Texte lu par Hemingway :  

 

http://www.nobelprize.org/nobel_prizes/literature/laureates/1954/hemingway-speech.html

 

NOTES  zé BONUS

 

(1)- « Même s’il avait été en parfaite santé, je doute fort qu’il s’y serait rendu. Ernest n’avait fait que de très rares apparitions en public dans sa vie, tant à cause de sa grande timidité que de sa haine farouche du smoking. « J ‘espère n’avoir jamais à m’habiller plus cérémonieusement qu’en enfilant des sous-vêtements », me dit-il un jour. (A.A.Hotchner, Papa Hemingway, Calmann-Lévy, 1999). Car il n’en portait (presque) jamais.  

 

Il n’avait pas non plus assisté à des cérémonies antérieures de remise de prix : la médaille d’or du Limited Editions Club en novembre 1941, le prix Pulitzer  en mai 53,  le prix du mérite de l’Académie américaine des Arts en avril 54. [Mais il ne bouda pratiquement jamais les remises  de récompenses à Cuba (il est vrai moins formelles et plus arrosées), où il était l’homme le plus illustre : médaille d’honneur cubaine en 52,  l’ordre national « Carlos Manuel de Céspedes »  en 54, l’ordre de San Cristobal de La Habana en novembre 55. Quant à l’hommage du 13 août 56, le plus populaire, il ne pouvait qu’être présent [la suite dans un prochain n° de CubaCoop]

   

 

 

(2)- L’enregistrement a été fait dans l’après midi du 30/11 par le chargé d’affaires  de l’ambassade US à La Havane. Le lendemain  il était envoyé à son collègue Abbott à Stockholm,  pour aussi « être remis en temps utile à la Radio suédoise » 

 

(3)- La teneur et la brièveté de ce texte ne peuvent être dissociés  de la citation officielle du comité du prix Nobel. Hem en fut mécontent. La citation « l’agaça prodigieusement » (Kenneth S.Lynn, KSL, « Hemingway », Ed.Payot, 1990).Elle rendit bien justice à « sa puissante maîtrise de style dans l'art de la narration moderne, telle qu'il l'a récemment illustrée dans Le Vieil Homme et la mer... », mais la citation indiquait plus loin que « les premiers écrits de Hemingway [les meilleurs en fait] comprennent des passages brutaux, cyniques et cruels qui peuvent sembler en désaccord avec les exigences du prix Nobel d'une œuvre de tendance idéaliste »

Une fois de plus le mythe Hemingway l’emportait sur une lecture attentive de l’œuvre (KSL)  

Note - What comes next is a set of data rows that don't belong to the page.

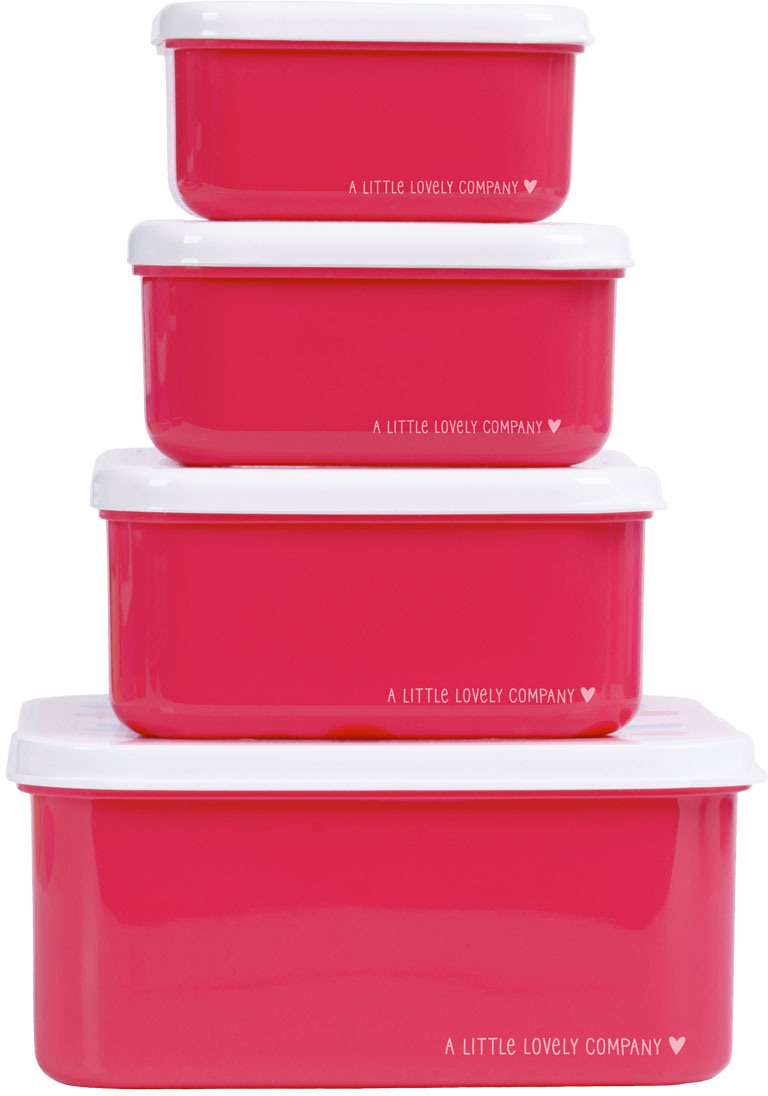 Set mit vier Lunch- und Snackboxen in verschiedenen Grössen und passenden Designs. Grossartig für die Schule, für unterwegs und ideal für die Aufbewahrung von Snacks zu Hause. Dank der Lasche an der Seite des Deckels lassen sie sich leicht öffnen und schliessen, und die Boxen lassen sich zur einfachen Aufbewahrung ineinander stapeln.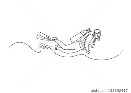 Continuous one line drawing scuba diver is floating underwater with tank and fins, gliding effortlessly in horizontal position, fluid exploration. Single line draw design vector graphic illustration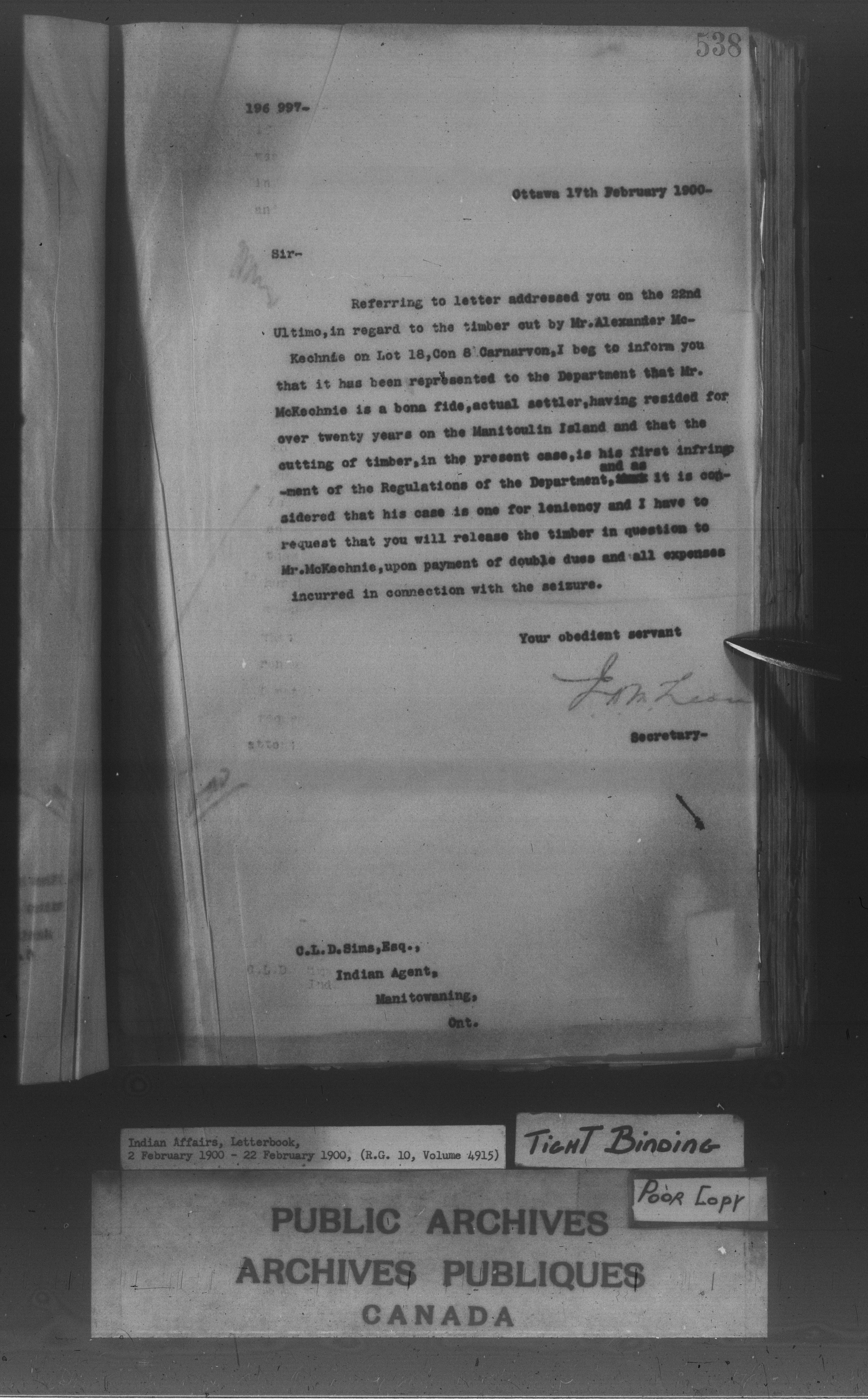 Department of Indian Affairs, Headquarters central registry system : First series : C-8456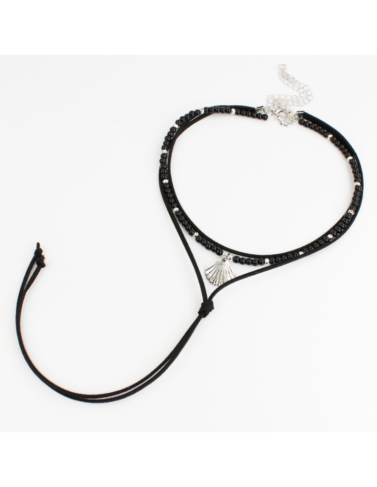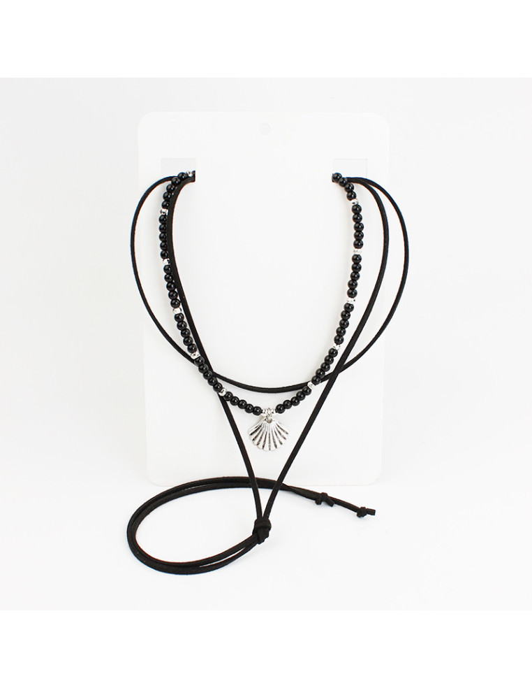 Set de dos collares, uno flexible de lenga enhebrada con bolitas de vidrio diferenciadas, combinadas con separadores de CCB y dije de fundición, otro de gamuza de doble caída.

Certes l’Académie suédoise ajoutait en conclusion : «  Mais d'autre part, il possède aussi une expression passionnée héroïque qui constitue l'élément fondamental de son sens de la vie, un amour viril du danger et de l'aventure allié à une admiration spontanée pour tout individu qui mène le bon combat dans un monde réel qu'assombrissent la violence et la mort. »

 

Le texte de Hemingway ne fit aucune allusion directe à la citation officielle, mais Hem s’arrangeait pour la critiquer et par une de ses plus belles phrases : « Ce qu'un homme veut dire n'est pas toujours perceptible dans ce qu'il écrit… »  

 

(4) - Il attaquait ici indirectement Sinclair Lewis qui avait présenté une telle liste dans son discours de réception. A vrai dire, Hemingway n'avait pas caché aux journalistes qui étaient venus l'interviewer à la Finca Vigía que, selon lui, le prix aurait dû aller au poète Carl Sandburg ou à Bernard Berenson, critique d'art ou à Isak Dinesen, romancière danoise.

 

                               

                        La fête du Nobel dura 24 heures                  

                                         

Il avait dit un jour que si jamais il avait le Nobel avec entre les mains une belle somme (35.000 dollars) exonérée d’impôts, il s’achèterait un Cessna 180 et se donnerait du bon temps. Non seulement il ne s’acheta jamais de Cessna, n’eut pas l’occasion de se donner du bon temps, mais les jours s’assombrissaient.  

 

Peu de temps après le Nobel, le 28/10/1954, Hemingway et son épouse Mary Welsh, prirent la décision de cadenasser le portail de la propriété, loin en contrebas de leur maison. « On a fait trop de publicité sur nous. Les gens viennent comme pour voir les éléphants au zoo ». Une pancarte fut suspendue dont l’inscription « écrite à la diable » (Robert Harling, du London Sunday Times) est censée décourager les imposteurs :

« SE PROHIBE ENTRAR TERMINANTEMENTE SIN PREVIA AUDIENCIA  POR TELF »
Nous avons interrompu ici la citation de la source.